Mrs. Tree-Creeper. It sounds perfect.
Mr. Tree-Creeper. Yes, but it’s no use waiting here. We must collar it at once. There were a lot of prying birds all about when I was there, and I noticed a particularly nosey flycatcher watching me all the time. Come along quick; and you’d better bring a piece of hay with you to look like business.
III
Mr. Wren. Well, darling, what shall it be this year—one of those boxes at “The Firs,” or the letter-box at “Meadow View,” where the open-air journalist lives, or shall we build for ourselves like honest wrens?
Mrs. Wren. I leave it to you, dearest. Just as you wish.
Mr. Wren. No, I want your help. I’ll just give you the pros and cons.
Mrs. Wren. Yes, dear, do; you’re so clear-headed.

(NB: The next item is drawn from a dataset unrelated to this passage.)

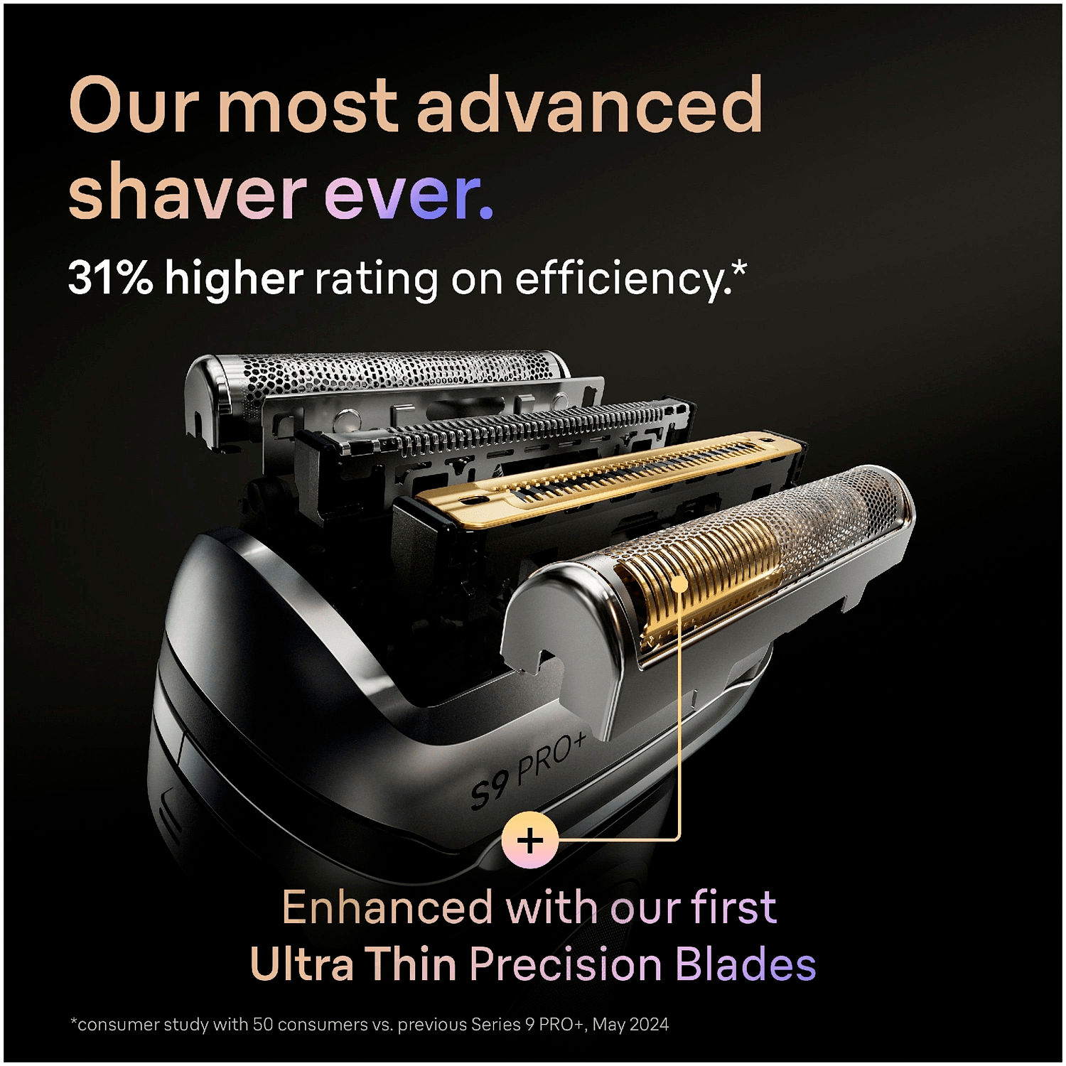 Series 9 PRO+ hyödyntää ultraohuita tarkkuusteriä, jotka leikkaavat partakarvat läheltä ihoa ilman ärsytystä. Pro SensoAdapt -teknologia analysoi parran tiheyden 300 kertaa sekunnissa ja säätää ajotehoa automaattisesti, mikä takaa tasaisen ja miellyttävän lopputuloksen riippumatta parran pituudesta tai tiheydestä.

Mr. Wren. Listen then. If we use the nest-box there’s nothing to do, no fag of building, but we have to put up with visitors peeping in every day and pawing the eggs or the kids about. If we use the letter-box we shall have to line it, and there will be some of the same human fussiness to endure; but on the other hand, we shall become famous—we shall get into the papers. Don’t you see the heading, “Remarkable Nest in Surrey”? And then it will go on, “A pair of wrens have chosen a strange abode in which to rear their little fluffy brood——” and so forth.
Mrs. Wren. That’s rather delightful, all the same.
Mr. Wren. Finally, there is the nest which we build ourselves, running just the ordinary risks of boys and ornithologists, but feeling at any rate that we are independent. What do you say?